BALTIMORE (LN) — A Maryland federal judge dismissed a maritime negligence suit brought by a California couple injured aboard a chartered catamaran in French Polynesia, ruling in a matter of first impression that the "reasonably communicated" test — a consumer-protection doctrine developed to protect cruise-ship passengers — has no place in bareboat yacht charter disputes.

Peter Barker fell three or four feet through a floor into the hull of a 55-foot catamaran on March 28, 2023, while the vessel was sailing through the islands surrounding Raiatea, French Polynesia, suffering severe leg injuries. He and his wife Jessica sued Dream Yacht Charter, a Mauritius-incorporated company, and its Annapolis-based subsidiary Dream Yacht Americas, Inc., alleging negligence and loss of consortium.

The wrinkle: the Barkers never signed the charter contract. Their traveling companion Jonathan Ziskind, described in the complaint as a former professional sailor, was the sole contracting party, signing the bareboat charter agreement on July 1, 2022. That contract contained a "Governing Laws" provision stating that any legal action "arising under or in connection with this contract will be adjudicated in Port Louis, Mauritius."

The Barkers' only defense against dismissal was that the forum-selection clause could not bind them because its terms were never "reasonably communicated" to them — invoking a doctrine that traces to the Supreme Court's 1897 decision in The Majestic, in which passengers on a White Star Line ocean liner successfully challenged a liquidated-damages clause buried in their booking contract.

U.S. Senior District Judge Richard D. Bennett, writing March 31, declined to transplant that doctrine across the doctrinal divide. "This is an issue of first impression," he wrote, holding that the reasonably communicated test "does not apply of bareboat charter contracts."

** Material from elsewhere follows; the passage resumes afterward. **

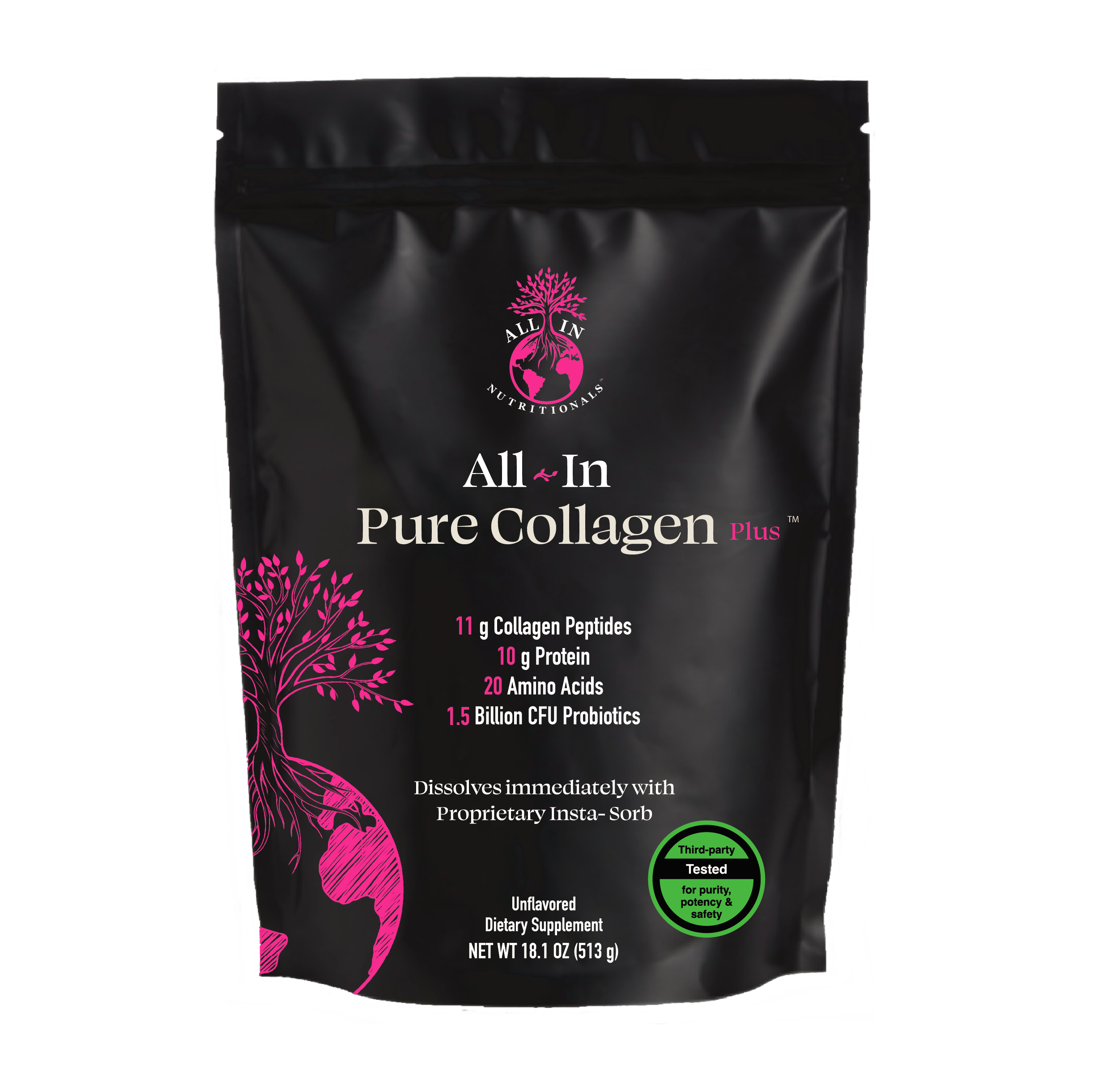Learn MoreAll-In Nutritionals™ is proud to offer a truly one-of-a-kind, pure, potent and clean Collagen with Probiotics delivered to your door in a beautiful, resealable pouch.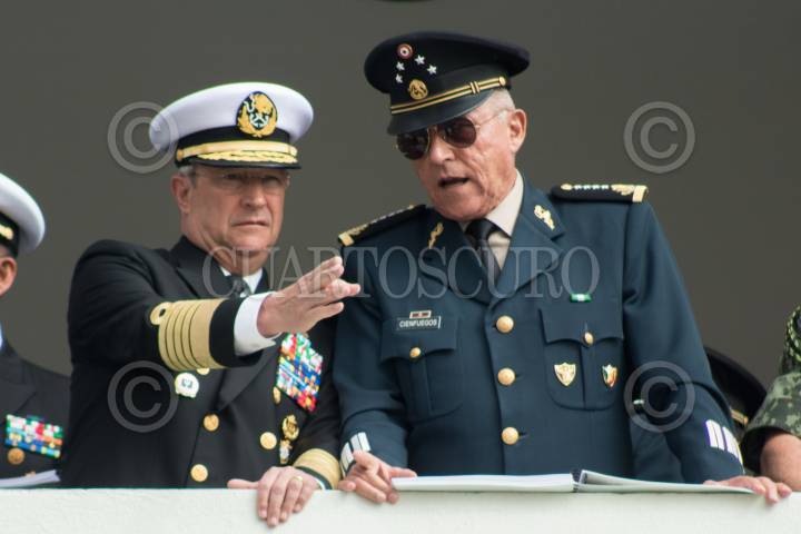 CIUDAD DE MÉXICO, 07SEPTIEMBRE2018.- El Secretario de la Defensa Nacional, Salvador Cienfuegos Zepeda y el Secretario de Marina, Vidal Francisco Soberón Sanz, dirigieron la Primera Revista General del Desfile Militar 2018, el cual se mostrará el próximo 16 de septiembre en la Plaza de la Constitución, con motivo del 208 aniversario de la Revolución de Independencia. FOTO: JACOBO ALBINO /CUARTOSCURO.COM

The distinction, Bennett explained, is structural. A bareboat charterer is treated as the vessel's pro hac vice owner for the charter term — responsible for safe operation and the safety of any passengers aboard — making the arrangement far closer to a rental-car contract than a cruise-ship ticket. Cruise passengers, like bus passengers, surrender operational control in exchange for the protections that come with booking passage on a common carrier; bareboat charterers do the opposite.

Bennett cited the Second Circuit's decision in Silvestri v. Italia Societa per Azioni di Navigazione for the proposition that the thread running through the cruise-ship cases is that the steamship line had done all it reasonably could to warn the passenger that the terms and conditions were important matters of contract affecting his legal rights. That consumer-protection rationale, Bennett held, simply does not translate to a commercial arrangement in which the contracting party voluntarily assumes ownership-level responsibility for the vessel.

The Barkers argued that Ziskind functioned as a de facto tour operator — analogizing their situation to First Circuit and Southern District of New York cases in which cruise lines were required to communicate contract terms to passengers who booked through tour companies rather than directly. Bennett rejected that framing, noting that nothing supported the claim that Ziskind was providing a booking service to the rest of the group, and that the argument in any event skips over the preliminary and fundamental hurdle: the Barkers never bridged the doctrinal gap between cruise-ship tickets and bareboat charters place.

With the reasonably communicated test off the table, the Barkers had no remaining challenge to the forum-selection clause. Under Atlantic Marine Construction Co. v. U.S. District Court, Bennett wrote, a valid mandatory forum-selection clause pointing to a foreign forum must be enforced through forum non conveniens dismissal in all but the most exceptional cases — and the Barkers had conceded the clause was both mandatory and reasonable if enforceable against them.

Back in Santa Barbara, Peter Barker underwent five surgeries over two months after the accident, followed by months of additional physical therapy. The couple must now pursue their claims in Port Louis, Mauritius, against a company headquartered there.